▶ [TASK DESCRIPTION]: Reproduce the lines below exactly, from the one containing "Samling fra Detective" through the one containing "Holzdruck „Frühnebel im", both included. Leave out any pictures.

▶ [INFORMATION PROVIDED]:

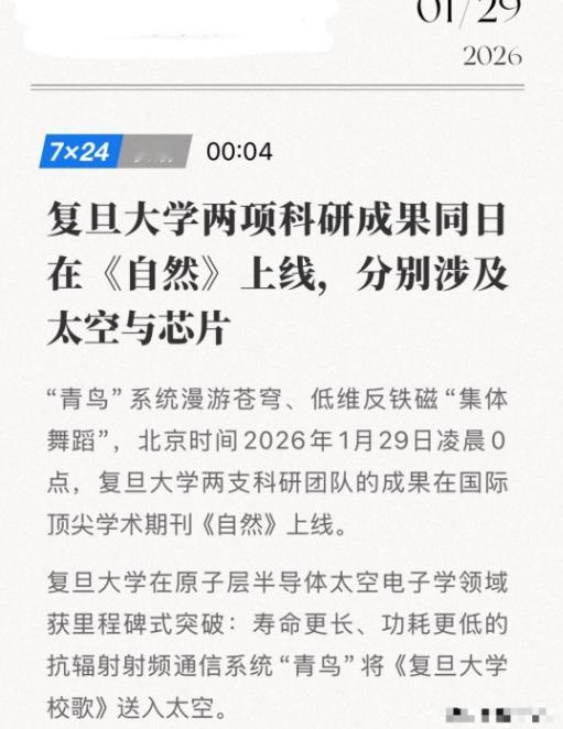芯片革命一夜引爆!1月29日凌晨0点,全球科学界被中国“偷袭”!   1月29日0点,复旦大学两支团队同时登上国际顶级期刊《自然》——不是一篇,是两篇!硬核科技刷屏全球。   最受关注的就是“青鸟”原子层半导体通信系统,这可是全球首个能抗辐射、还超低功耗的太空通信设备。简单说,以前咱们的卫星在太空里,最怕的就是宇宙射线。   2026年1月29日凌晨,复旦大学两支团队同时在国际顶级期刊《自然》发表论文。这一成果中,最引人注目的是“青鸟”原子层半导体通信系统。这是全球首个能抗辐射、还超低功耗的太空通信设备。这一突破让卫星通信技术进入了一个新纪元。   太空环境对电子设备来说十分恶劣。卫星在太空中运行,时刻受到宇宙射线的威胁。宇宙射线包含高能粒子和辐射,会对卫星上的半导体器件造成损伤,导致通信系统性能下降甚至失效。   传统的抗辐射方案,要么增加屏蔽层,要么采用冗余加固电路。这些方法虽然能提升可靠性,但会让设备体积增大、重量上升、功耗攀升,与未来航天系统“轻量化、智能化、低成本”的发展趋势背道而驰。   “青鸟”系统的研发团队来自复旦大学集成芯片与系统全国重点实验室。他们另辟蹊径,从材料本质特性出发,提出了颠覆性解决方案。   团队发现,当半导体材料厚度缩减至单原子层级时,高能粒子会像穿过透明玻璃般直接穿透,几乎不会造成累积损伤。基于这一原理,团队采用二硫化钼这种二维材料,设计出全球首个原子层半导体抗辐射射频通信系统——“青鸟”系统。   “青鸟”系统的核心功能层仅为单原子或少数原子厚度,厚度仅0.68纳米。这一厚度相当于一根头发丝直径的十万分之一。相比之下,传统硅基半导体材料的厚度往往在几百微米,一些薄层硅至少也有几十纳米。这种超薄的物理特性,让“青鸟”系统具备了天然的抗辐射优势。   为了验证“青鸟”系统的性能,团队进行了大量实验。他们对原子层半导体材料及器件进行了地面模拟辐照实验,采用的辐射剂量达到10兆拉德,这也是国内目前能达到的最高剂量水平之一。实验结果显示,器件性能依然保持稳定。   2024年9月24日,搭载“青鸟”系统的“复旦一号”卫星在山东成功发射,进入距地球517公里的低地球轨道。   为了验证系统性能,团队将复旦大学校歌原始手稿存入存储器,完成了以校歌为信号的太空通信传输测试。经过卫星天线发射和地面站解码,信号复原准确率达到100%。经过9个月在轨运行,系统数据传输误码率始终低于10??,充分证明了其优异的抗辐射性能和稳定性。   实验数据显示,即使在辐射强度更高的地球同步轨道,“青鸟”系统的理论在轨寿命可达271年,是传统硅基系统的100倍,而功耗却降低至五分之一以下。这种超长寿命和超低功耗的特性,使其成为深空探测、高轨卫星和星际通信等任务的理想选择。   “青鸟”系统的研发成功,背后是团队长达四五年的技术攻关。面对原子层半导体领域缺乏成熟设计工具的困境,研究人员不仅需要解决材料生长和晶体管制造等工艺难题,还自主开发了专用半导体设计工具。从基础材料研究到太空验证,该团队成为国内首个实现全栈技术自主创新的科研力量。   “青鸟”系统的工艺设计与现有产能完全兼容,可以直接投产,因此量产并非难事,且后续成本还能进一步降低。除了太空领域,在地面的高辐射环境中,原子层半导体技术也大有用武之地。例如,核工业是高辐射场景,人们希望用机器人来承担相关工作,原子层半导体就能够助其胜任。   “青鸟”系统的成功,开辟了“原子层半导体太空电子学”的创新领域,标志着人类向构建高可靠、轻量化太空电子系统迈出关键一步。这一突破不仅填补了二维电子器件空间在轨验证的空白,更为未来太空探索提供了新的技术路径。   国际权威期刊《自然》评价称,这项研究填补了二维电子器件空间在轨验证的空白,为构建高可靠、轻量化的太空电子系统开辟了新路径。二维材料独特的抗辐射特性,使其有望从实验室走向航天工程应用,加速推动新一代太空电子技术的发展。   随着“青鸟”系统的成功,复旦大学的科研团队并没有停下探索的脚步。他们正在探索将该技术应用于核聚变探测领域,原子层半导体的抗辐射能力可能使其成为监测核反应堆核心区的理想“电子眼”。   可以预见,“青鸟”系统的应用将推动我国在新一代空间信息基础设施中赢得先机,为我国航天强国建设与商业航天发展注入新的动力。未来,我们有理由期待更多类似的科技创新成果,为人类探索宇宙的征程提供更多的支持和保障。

==

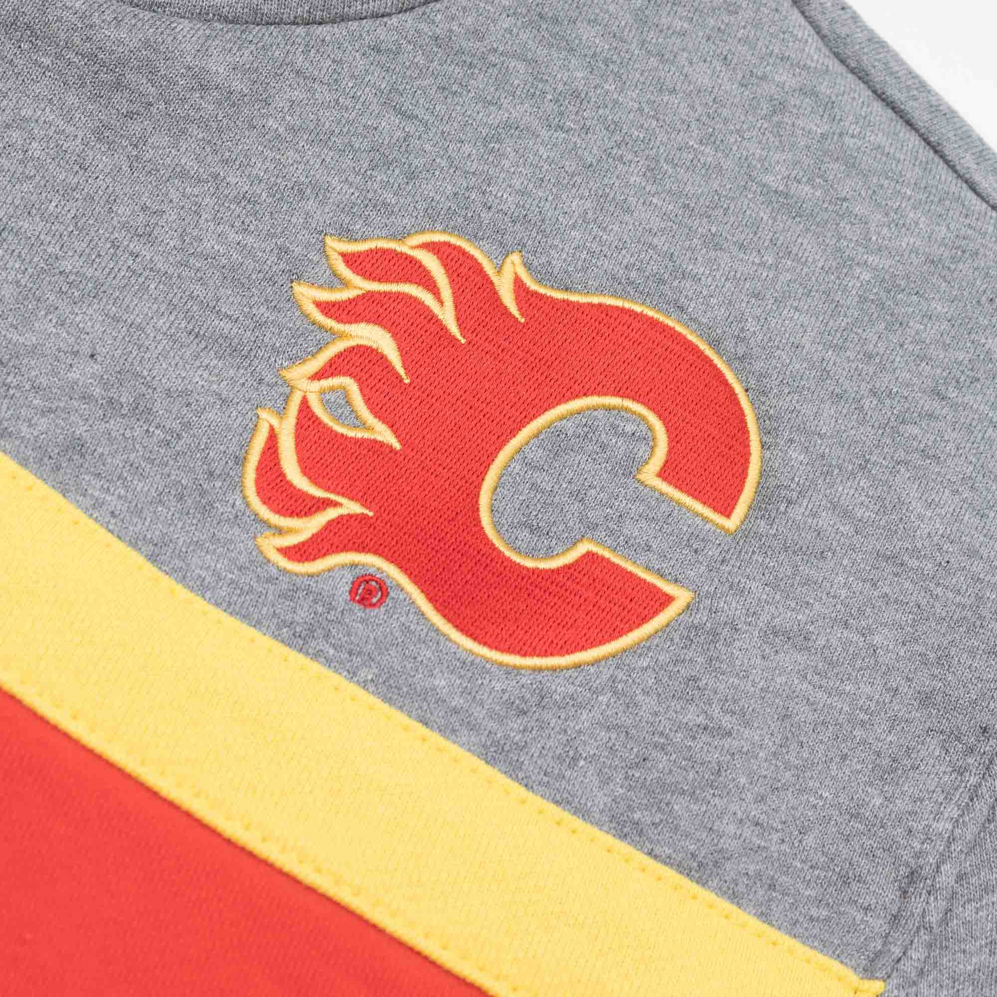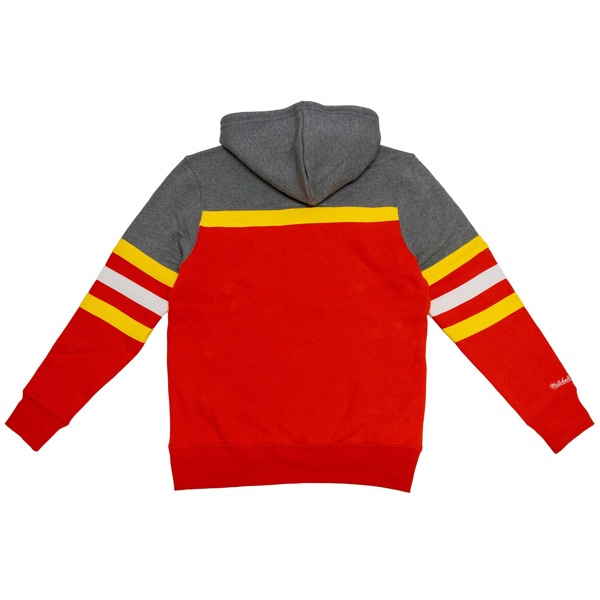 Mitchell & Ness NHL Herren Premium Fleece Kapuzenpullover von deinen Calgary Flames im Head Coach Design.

==

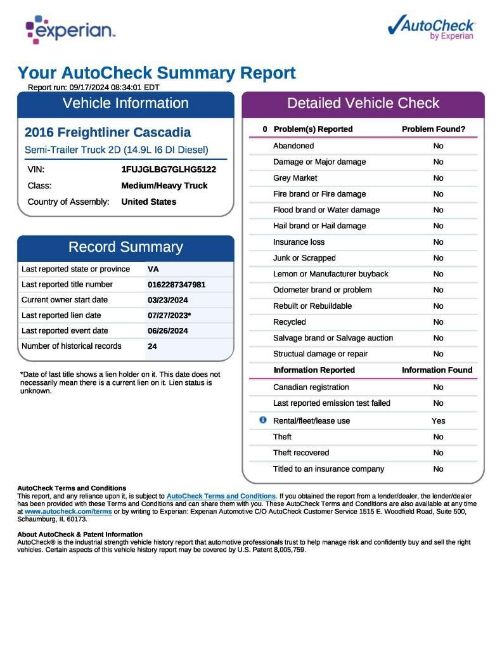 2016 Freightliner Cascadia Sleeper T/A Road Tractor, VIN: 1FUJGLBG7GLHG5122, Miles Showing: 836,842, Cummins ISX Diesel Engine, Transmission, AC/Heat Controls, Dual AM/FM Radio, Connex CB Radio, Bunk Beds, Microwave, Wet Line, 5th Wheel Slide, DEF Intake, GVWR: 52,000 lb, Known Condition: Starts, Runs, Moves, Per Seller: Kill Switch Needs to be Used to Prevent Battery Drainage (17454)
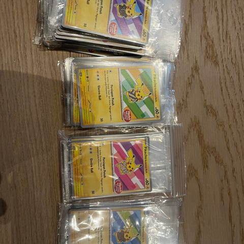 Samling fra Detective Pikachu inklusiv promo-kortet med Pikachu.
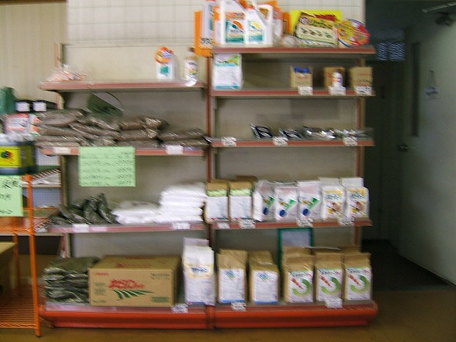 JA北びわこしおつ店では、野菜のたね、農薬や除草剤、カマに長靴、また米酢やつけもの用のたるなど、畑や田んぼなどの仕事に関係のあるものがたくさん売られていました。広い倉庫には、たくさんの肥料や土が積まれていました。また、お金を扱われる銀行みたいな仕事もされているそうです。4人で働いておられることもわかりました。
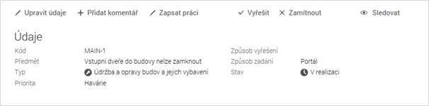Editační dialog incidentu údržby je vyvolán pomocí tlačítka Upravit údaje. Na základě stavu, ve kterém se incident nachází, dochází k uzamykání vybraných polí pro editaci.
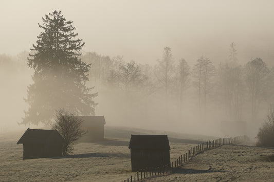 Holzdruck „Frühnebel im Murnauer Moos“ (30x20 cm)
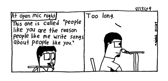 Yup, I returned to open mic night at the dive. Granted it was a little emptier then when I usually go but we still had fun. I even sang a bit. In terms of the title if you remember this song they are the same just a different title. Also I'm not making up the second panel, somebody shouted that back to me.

▶ [PROBLEM SOLUTION]:
 Samling fra Detective Pikachu inklusiv promo-kortet med Pikachu.
 JA北びわこしおつ店では、野菜のたね、農薬や除草剤、カマに長靴、また米酢やつけもの用のたるなど、畑や田んぼなどの仕事に関係のあるものがたくさん売られていました。広い倉庫には、たくさんの肥料や土が積まれていました。また、お金を扱われる銀行みたいな仕事もされているそうです。4人で働いておられることもわかりました。
Editační dialog incidentu údržby je vyvolán pomocí tlačítka Upravit údaje. Na základě stavu, ve kterém se incident nachází, dochází k uzamykání vybraných polí pro editaci.
 Holzdruck „Frühnebel im Murnauer Moos“ (30x20 cm)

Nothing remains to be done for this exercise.